В конце июля, как сенокос кончился, я смог немного отдохнуть. Правда, бригадир давал мне наряд каждый день: то я ходил ставить столбы, то пилил их и подвозил, то ездил на элеватор, но, за немногими исключениями, работа эта отнимала мало времени. Одиннадцатого, как я помню, августа я получил наряд ехать в Новокривошеино за семенами. Когда я подошел к амбарам, где должна была ждать машина, я увидел, как в толпе мужиков бригадир спорил с одним из ссыльных, Санькой. Санька этот худой, горбоносый, с какими-то блеклыми свисающими волосами, выслан был откуда-то из-под Сочи, из Краснодарского края, вообще давшего самый высокий процент «тунеядцев». Рассказывал он мне потом о себе много, но как-то путано: он и шофером был, и плотником, и овец пас, и на Колыме был, и в тюрьме сидел… При случае, как я заметил, любил приврать, но без всякой выгоды для себя, а так просто. Сослали его, как он говорил, за то, что запил после смерти матери и сестры, и здесь он запивал частенько, но его подруга, Надя Кабанова, крепко держала его в руках. На словах он был человек очень решительный и храбрый, но в действительности, что называется, тряпка, положиться на него ни в чем было нельзя. Летом в колхозе он пас нетелей, то есть взрослых телок, еще не телившихся. Я во время сенокоса частенько встречал его со стадом, на коне, подобно техасскому ковбою, с бичом в руках и в накомарнике. «Я один пасти больше не буду, — кричал теперь Санька бригадиру, — ставьте второго пастуха, или пусть коровы в загоне стоят!» Действительно, ему приходилось очень трудно: если сто дойных коров пасли двое пастухов, то сто нетелей, с которыми, конечно, труднее управиться, все время ему приходилось пасти одному. «Где ж я тебе возьму пастуха? — разводил руками бригадир. — Видишь, никого в бригаде народу нет». «А вот пастух», — сказал один из мужиков, указывая на меня. Все рассмеялись, однако мысль стать пастухом не показалась мне странной. В детстве моя мама, укоряя меня за плохое ученье в школе, постоянно говорила: «Ты будешь пасти коров». «Что ж, — сказал я, — я могу пасти». Все очень удивились. «А справишься?» — спросил обрадованный бригадир. Я пожал плечами, не зная еще, что это за работа. Так, ради красного словца своей матери, я надел себе такой хомут на шею, который мне до сих пор вспоминается.

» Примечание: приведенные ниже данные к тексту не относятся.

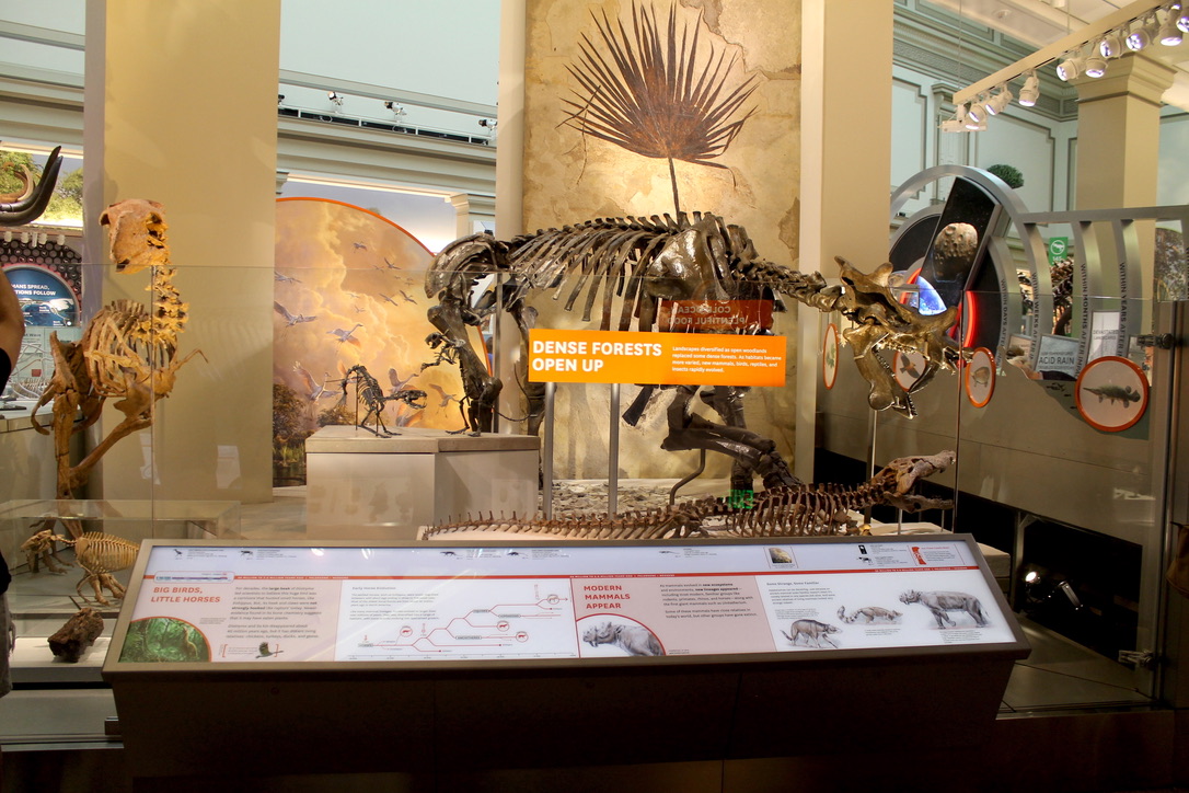 One of the stated goals of Deep Time’s creators was to help visitors understand that the history of life on Earth wasn’t just about dinosaurs. “Are we doing a disservice by overdoing dinosaurs?” is a common refrain among folks who worry about how we relate paleontological science to the public. Whether or not this is a real problem, Deep Time seems comparatively constrained when it comes to dinosaur content. According to my Big Spreadsheet, NMNH has fewer dinosaur fossils on display than is typical among its peer institutions. Just 18% of the included vertebrate specimens are dinosaurs, and these are almost always intermingled with the other animals and plants that made up their ecosystems.

— Бери мою Егориху, — сказал Санька, — а я пойду себе искать седло и другого коня, — и он протянул мне поводья.

С трудом взобрался я на Егориху: до этого мне с конями дела иметь не приходилось, как, впрочем, и с коровами. Медленно переступая ногами, Егориха пошла в низину, где паслись остальные кони, я стал осматриваться: где бригадир и Санька? Никого не было видно. «Но!» — крикнул я на Егориху и попытался пришпорить ее башмаками, так как читал, что лихие наездники пришпоривают коней. Но Егориха так же медленно вошла в пересохшее болотце посреди низины и на виду у всей деревни начала пощипывать травку. Сколько я ни кричал и ни тыкал в бок пяткой, она не двигалась. В довершение моего позора, к ней подошел жеребенок и начал сосать ее. Видя, что иного выхода нет, я слез с коня, взял Егориху под уздцы и пошел на гору, где увидел бригадира и Саньку. Тут я попросил другого коня, Санька дал мне молоденького мерина Бурого, и мы поехали выгонять коров.